En 1907, le New York Times décrivit une expérience dans laquelle le médecin Duncan MacDougall tenta de quantifier le moment de la mort chez six sujets humains en soupesant le départ de leurs âmes. “Dr. L'objectif de MacDougall était de savoir si le départ de l'âme du corps était accompagné d'une manifestation pouvant être enregistrée par tout moyen physique », a écrit le Times . Bien que les conclusions de MacDougall, selon lesquelles l’âme pèse 21 grammes, aient été par la suite discréditées pour une méthodologie douteuse, quantifier les moyens d’arriver à la mort et le mode de vie par lequel elle s’échappe continue de troubler les scientifiques et le public.

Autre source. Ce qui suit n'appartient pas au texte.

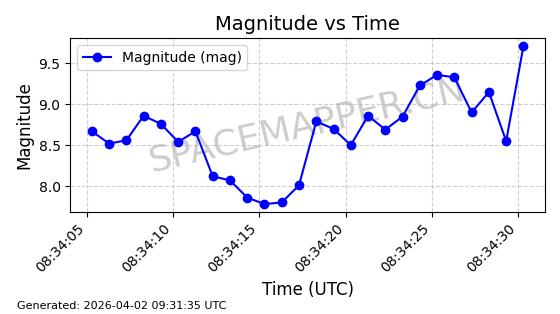 | STARLINK-1355 | 45563 | 45563 | 2020-04-22 同日期轨道 2020-025AJ 同批次轨道 | 已陨落 | 88分钟 | 53.0184 | 157.772 | 161.162 | 0.0002592 | 2025-09-25 16:17:37 | ||

Depuis que MacDougall a annoncé ses conclusions erronées, les chercheurs en sont venus à comprendre la méthode de la mort cellulaire individuelle. L'apoptose, ou mort cellulaire programmée, revendique chaque jour 50 à 70 milliards de cellules dans le corps humain adulte, tandis que la nécrose, ou mort prématurée des cellules, survient lorsque les cellules sont mortellement endommagées. Comment la mort finit-elle par s'emparer de tout un organisme reste cependant insaisissable
À présent, une équipe internationale de chercheurs a trouvé des preuves d'une «cascade» de décès qui se propagent à travers le corps d'un animal par une voie de nécrose spéciale, laissant un sillage de cellules mortes dans sa procession, jusqu'à l'effondrement et à l'expiration du système. Chez le ver rond Caenorhabditis elegans, cette vague de destruction corporelle prend naissance dans l’intestin et s’accompagne d’un intense éclat de fluorescence bleue lorsqu'elle est visionnée avec une caméra équipée d’une fluorescence haute luminosité le cube de filtre, qui a permis aux chercheurs de visualiser la destruction du ver, a rapporté l’équipe dans la revue PLoS Biology .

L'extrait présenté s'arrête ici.